Economic development and planning director Bob Weiss told the board the town has appropriated funds and contracted Weston & Samson Engineering to prepare hydrologic and geologic materials that FEMA did not use in its update. "The letter of map revision will take about 50 Main Street parcels out of the flood zone," Weiss said, explaining the town will use local data to ask FEMA to revise its model-based maps.

Weiss said FEMA’s recent update — using modeling rather than on-site fieldwork in many places — resulted in substantially expanded flood zones that would raise insurance costs and building requirements. “They were working off maps from the mid‑1980s,” Weiss said. He described the town’s phased approach: phase one reviewed FEMA’s materials and found missing information; phase two will produce the letter of map revision; phase three will submit materials to FEMA next year.

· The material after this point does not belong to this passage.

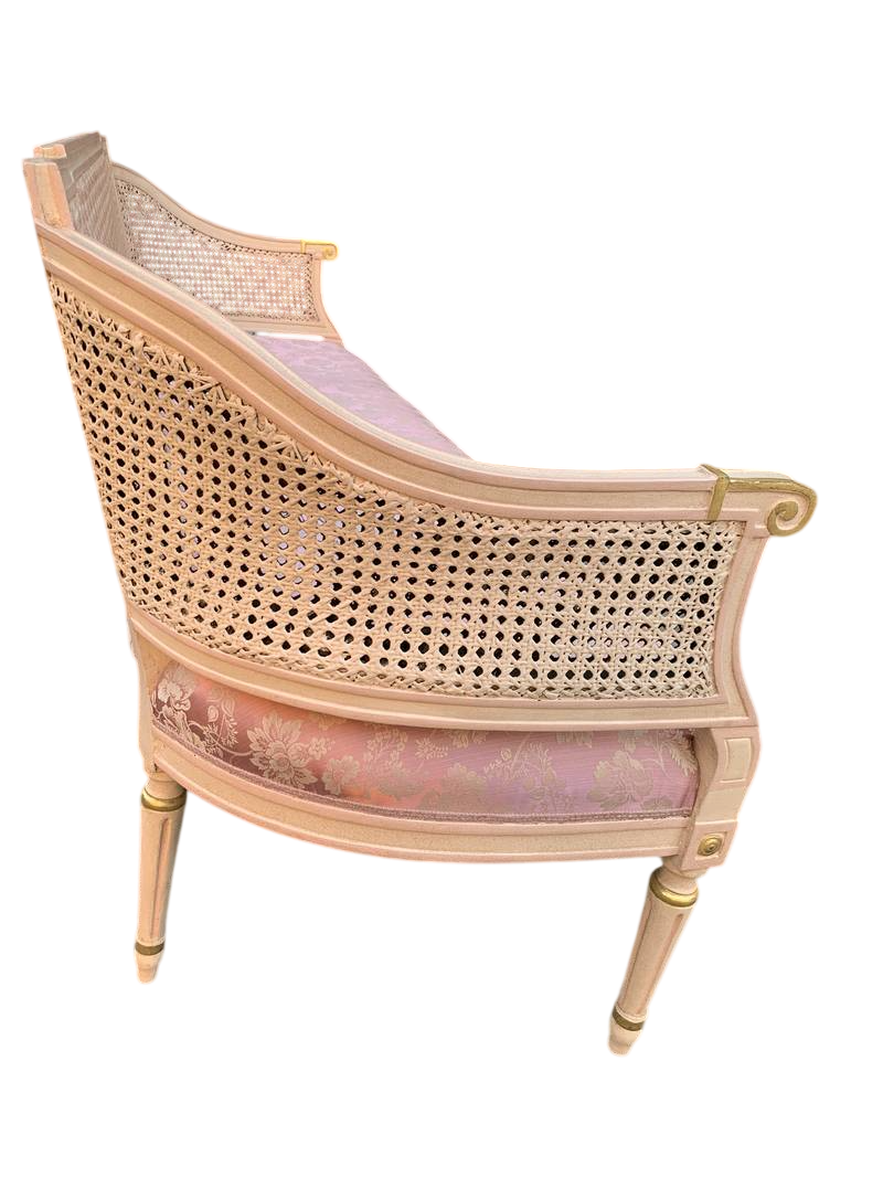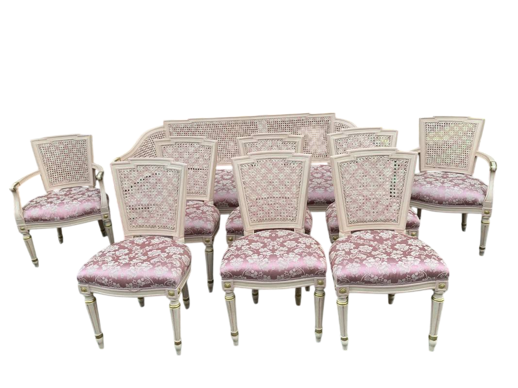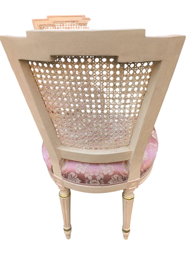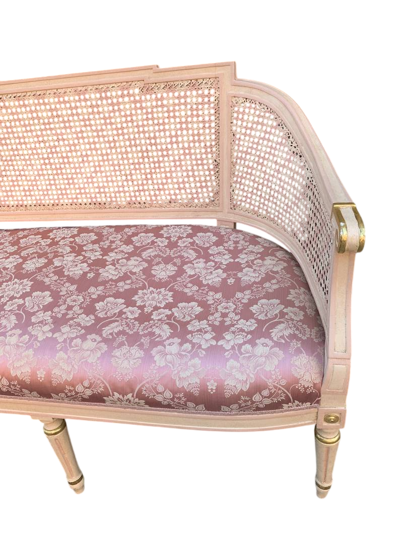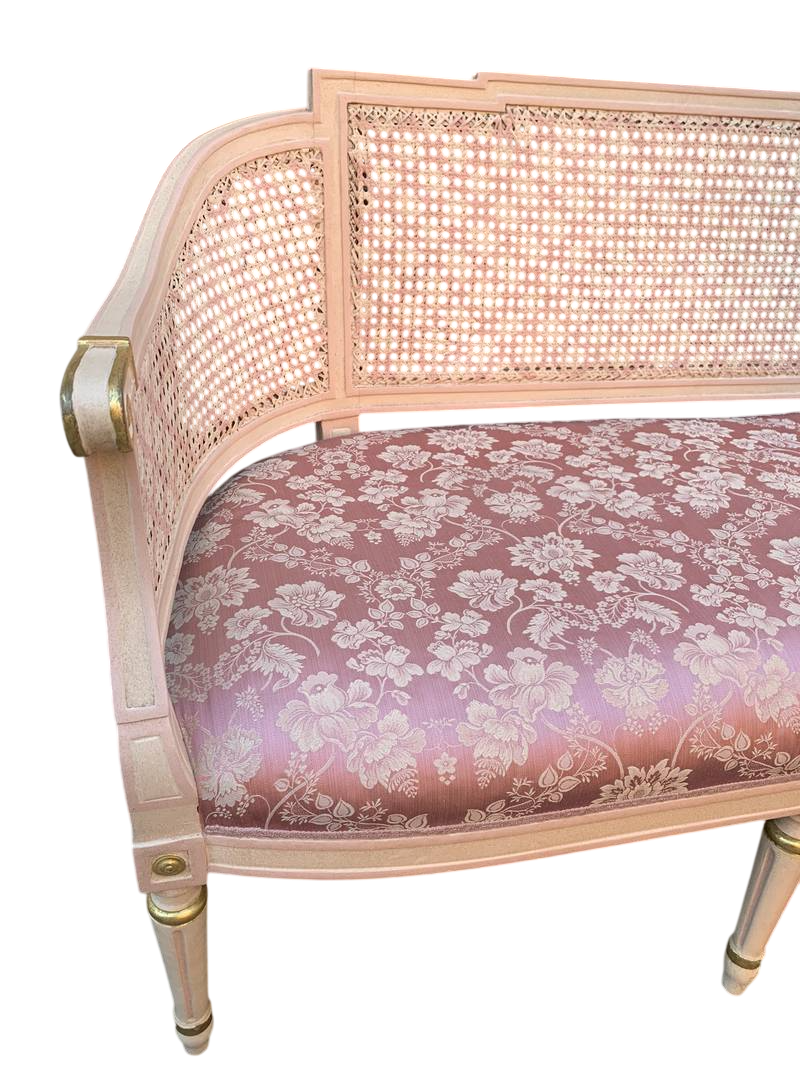 Salotto in stile Luigi XVI legno intagliato e paglia di Vienna lacca rosa pastello primi del XX secolo

Resident Joyce Bardi asked why FEMA used older maps and whether the agency evaluated local changes; staff responded that FEMA applies a model and periodic updates, and that the town’s submission will incorporate local hydraulic data and recent observations. "This will update all of that stuff and, hopefully, leave us alone for 20 or 30 years," a board member said.

The board’s motion to approve and sign the phase‑two engineering contract with Weston & Samson passed by voice vote with no recorded dissents. The town administrator said the study will take roughly six months to complete before the town forwards materials to FEMA.

The board did not set a public hearing date for the LOMR; next steps are the engineering study, the town’s submission to FEMA, and subsequent review by FEMA. The board’s action authorizes staff to proceed under the contract terms as presented at the meeting.